On Monday, March 1, the Institute for Supply Management (ISM) announced that the U.S. manufacturing ISM Purchasing Managers’ Index increased to 60.8 in February 2021 from a year earlier, the highest in three years since February 2018 and above expectations of 58.6 and the previous value of 58.7 in January.
This is the ninth consecutive month that the U.S. ISM manufacturing index has been in expansion and indicates the ninth consecutive month of growth for the U.S. economy after falling into contraction from March to May 2020. The index has averaged 54 over the past 12 months, with the previous higher reading of 61.4 recorded in May 2004.
In terms of key subdivision data.
The production index improved 2.5 points to 63.2 in February, the ninth consecutive month of expansion and the eighth consecutive month above the 60 round figure, returning to pre-Epidemic levels, having hit a near 10-year high in December last year since at least January 2011, thanks to continued factory inventory restocking and an uptick in meeting demand.
The new orders index rose 3.7 points to 64.8, also marking the ninth consecutive month of expansion and the eighth consecutive month above 60, having hit its highest since January 2004 at 67.5 in December.
Despite still facing rising absenteeism and a shortage of skilled workers, the employment index improved 1.8 points to 54.4, the third consecutive month of expansion to the highest since June 2019. Some analysts say this will be a positive for U.S. nonfarm payrolls in February.
It is worth noting that inflationary pressures are emerging. The price paid index rose 3.9 points to 86%, the ninth consecutive month in expansionary territory and the highest since May 2008 (when it recorded 88.1), breaking the high since April 2011 set by the previous value in January.
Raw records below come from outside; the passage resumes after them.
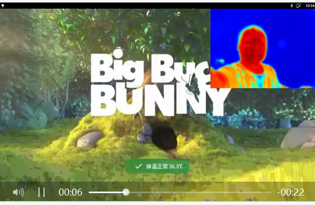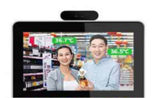 在大屏上安装热成像双光测温模块,直接实现广告播放及多人测温。有人时测温,无人时播放广告。
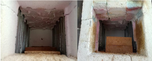 使用納米保溫輕質磚和傳統空心球磚砌筑的高溫加熱爐內襯,在經過3個月使用后,空心球磚發生開裂,破損嚴重,聯合榮大研發的新型納米保溫輕質磚狀態良好,未發生破損開裂(如圖2)。
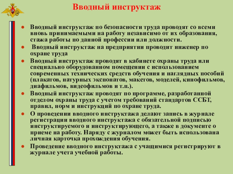 Основные задачи проведения вводного инструктажа
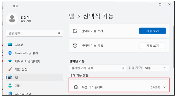 설치가 제대로 되었는지 확인하려면 설정 – 앱 - 선택적 기능에 가서 설치된 기능에 무선 디스플레이가 있는지 확인하면 된다.

The Supplier Delivery Index rose 3.8 points to 72, the highest since last April, representing a faster decline in the pace of ringgit deliveries. ISM said the twin challenges of transportation and labor continue to constrain suppliers’ output growth and dampen it more than in the previous month.
In addition.
The backlog of orders index rose 4.3 points to 64, the eighth consecutive month in expansionary territory and the last all-Time high since data were recorded in January 1993, with an all-time high of 66.5 recorded in April 2004.
The inventory index fell into contraction territory for the first time in five months, dropping 1.1 points to 49.7. The customer inventory index was “too low” for the 55th consecutive month and fell to a record low of 32.5, all of which are favorable indicators for future manufacturing output growth.
New export orders rose 2.3 points to 57.2, expanding for the eighth consecutive month and growing at a faster pace. The import index fell 0.7 points to 56.1, also expanding for the eighth consecutive month, reflecting continued growth in U.S. factory demand and interest in replenishing inventories.
Timothy Fiore, chairman of the American Institute for Supply Management’s Manufacturing Committee, noted that indicators of demand, consumption and inputs in the U.S. manufacturing sector all recorded strong growth, and industry representatives surveyed were more optimistic, with 5 optimistic comments for every 1 cautious comment, compared with 1:3 in January:.
“Sixteen of the 18 tracked industries reported growth, with printing and related support activities, and petroleum and coal products being the only manufacturing industries to report contraction. However, labor woes for surveyed companies and their suppliers will continue to limit manufacturing and the economy, and will remain a major impediment to production growth until employment levels and plant operations return to normal throughout the supply chain.”
Industry representatives surveyed were most concerned that shortages of certain key materials, such as lumber and semiconductors, are pushing up prices and, in some cases, limiting production. This could lead to increased Inflation and even hinder economic recovery, according to the analysis. An executive at a wood products manufacturer said, “Prices are rising so fast that many are wondering if this is sustainable.”
Zerohedge, a financial blog known for its venom, said the U.S. manufacturing PMI continues to be pushed up by record delays in the supply chain, highlighting “the risk of stagflation in the U.S. economy.
For example, in addition to the ISM supplier delivery index near record highs, IHS Markit statistics for February U.S. manufacturers faced the longest supplier delivery times in history since data collection began in May 2007.
This can only indicate severe supply chain disruptions under a sudden outbreak, and cannot be interpreted as a sign of improving working conditions as it usually is.
What’s more, the new orders index for the U.S. manufacturing sector stayed relatively behind compared to the price sub-index, which surged to a 12-and-a-half-year high, while international oil price levels were still at a high of $140 back in 2008.
Market risk appetite rose significantly after the release of the nominally positive data. All three major U.S. stock indices rose more than 2%, with the Dow running ahead, up 2.14%. Bitcoin is back above the $49,000 mark, up more than 11% in 24 hours and back up nearly $6,000 from its daily low.